Jan Gray is a master at fitting 32-bit CPUs into programmable-logic fabrics and he writes a blog called FPGA CPU News, subtitled “Exploring Parallel Computer Architecture with FPGAs.” One of his recent posts titled “FPGAs, Then and Now” compares the fitting of one of Gray’s J32 32-bit RISC CPUs into a Xilinx XC4010PC84-5 FPGA circa 1995 versus implementing the same processor in a contemporary Xilinx Virtex-7 XC7VX690T FPGA. Gray’s J32 processor employs a classic RISC architecture with a 3-operand instruction, a 4-stage pipeline (fetch, register read, execute, writeback), and a 32-register operand file.
In 1995, Gray’s J32 processor consumed essentially all of 800 of the 4-input LUTs in an XC4010 FPGA. The layout looked like this:
Fast-forward 13 years. The same J32 processor core plugs into a Virtex-7 XC7VX690T FPGA—which has more than 433,000 6-input LUTs—one thousand times with room left for 250 router cores to interconnect the 1000 processors.
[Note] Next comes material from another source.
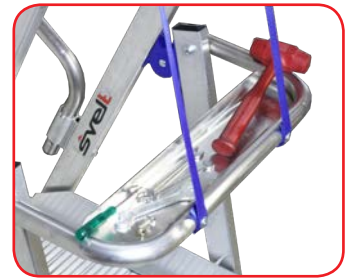
Pianetto portattrezzi chiudibile portata Kg 15

The layout for one J32 RISC processor looks like this:
“In other words, in the past 18 years Moore’s Law has taken us from 1K LUTs per FPGA to 1K 32-bit CPUs per FPGA” writes Gray. (By the way, the largest Virtex Ultrascale 3D FPGA has 4.4 million logic cells, so the logic capacity is sufficient for perhaps more than 10,000 of Jan Gray’s 32-bit J32 RISC CPUs with interconnect. But wait! See Note below.)
If the interaction between processors and FPGAs plays a role in your system design, take a look at Jan Gray’s blog posts on FPGA CPU News.
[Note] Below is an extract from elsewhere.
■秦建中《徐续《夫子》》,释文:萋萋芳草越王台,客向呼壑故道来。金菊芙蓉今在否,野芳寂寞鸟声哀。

Note: Per Jan Gray's comment, the Virtex UltraScale VU440 FPGA has 2520 BRAMs so that becomes the limit to a straight port of Gray's design—"only" 2520 32-bit RISC processor cores. So perhaps the Virtex UltraScale XCVU160 with more BRAMs and fewer logic resources might be a better choice in this case. I'll leave it to Jan to suss this out.